The report also condemned the grant of pioneer status to oil and gas companies, saying it had greatly undermined the optimal collection of revenues due from petroleum profit taxes.

“The legal framework governing the pioneer status is a subsidiary legislation of the Company Income Tax Act (CITA). The CITA does not apply to oil and gas companies, as oil and gas companies are taxed under PPT,” Fayemi noted.
On metering, the report also noted that very little progress had been made on the implementation of enhanced measurement arrangements for both downstream and upstream hydrocarbon flows.
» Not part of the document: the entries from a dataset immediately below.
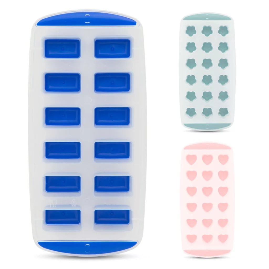 Virág, szív, téglalap alakú jégkockák készítéséhez, többféle színben.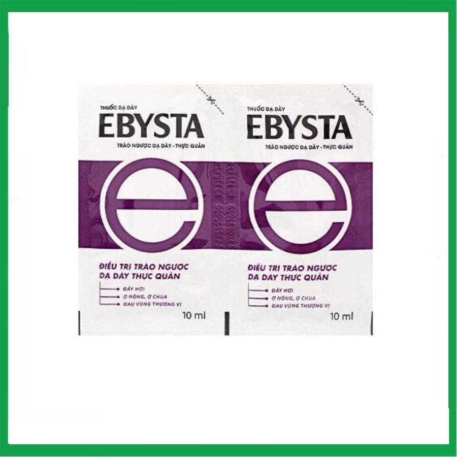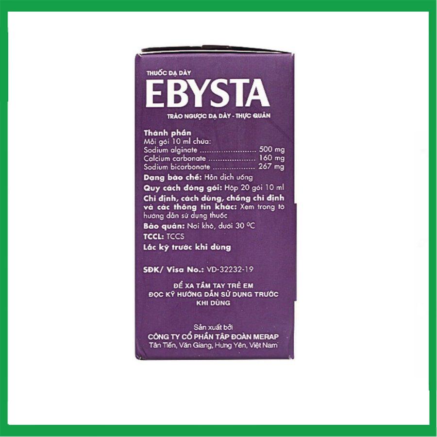 Thuốc Ebysta là sản phẩm của Công ty cổ phần tập đoàn Merap, có thành phần chính là Sodium alginate, Calcium carbonate và Sodium bicarbonate. Thuốc Ebysta chỉ định điều trị trào ngược dạ dày thực quản, ợ nóng ợ chua), đầy hơi liên quan đến sự trào ngược, ợ nóng trong khi mang thai, tất cả các trường hợp đau vùng thượng vị và phía sau xương ức liên quan đến trào ngược dạ dày.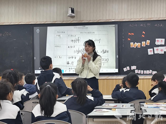 3月20日上午,在下陆区白马山小学,郭新蓓老师和周梦淇老师主讲的《分享中的学问》主题课,以生活中的分享场景为切入点,不仅让学生在数学运算中掌握分配的技巧,还在课堂互动中培养了学生的沟通与合作能力,是跨学科综合实践在人际交往领域的生动实践。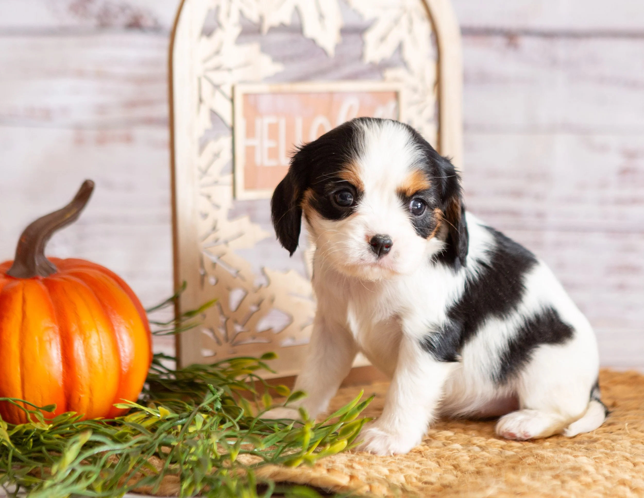 A cute black, white, and brown puppy sitting on a woven mat with a small pumpkin and green leaves beside it. In the background, there is a decorative wooden frame with a sign that says 'HELLO' and a white brick wall.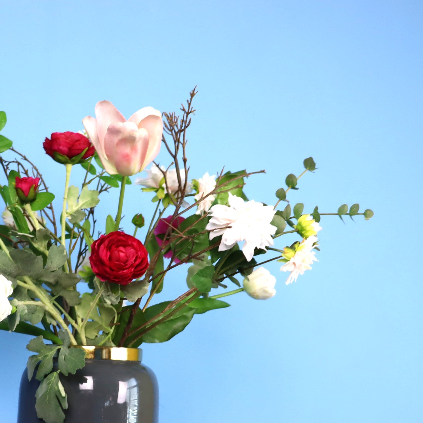 Leuke lichtgrijze Light & Living vaas met tulpen en vrolijke bloemen.

Similarly, Fayemi said N33.86 billion accrued to the federation in 2013 from the solid minerals sector, amounting to an increase of 7.6 per cent over the N31.5 billion generated in 2012
He said of this amount, payments from cement manufacturing companies accounted for N30.47 billion (89.98 per cent); construction companies – N1.98 billion (5.83 per cent); and mining and quarrying companies – N1.42 billion (4.19 per cent).

He explained: “The distribution of revenues among government agencies showed that N28.954 billion was collected by the Federal Inland Revenue Service (FIRS); N1.343 billion by the Mines Inspectorate Department (MID) and N704 million by the Mining Cadastral Office (MCO).

He said unilateral disclosures by companies not reconciled in the audit scope came to N2.861 billion while N748 million was reported as unilateral disclosures by government entities.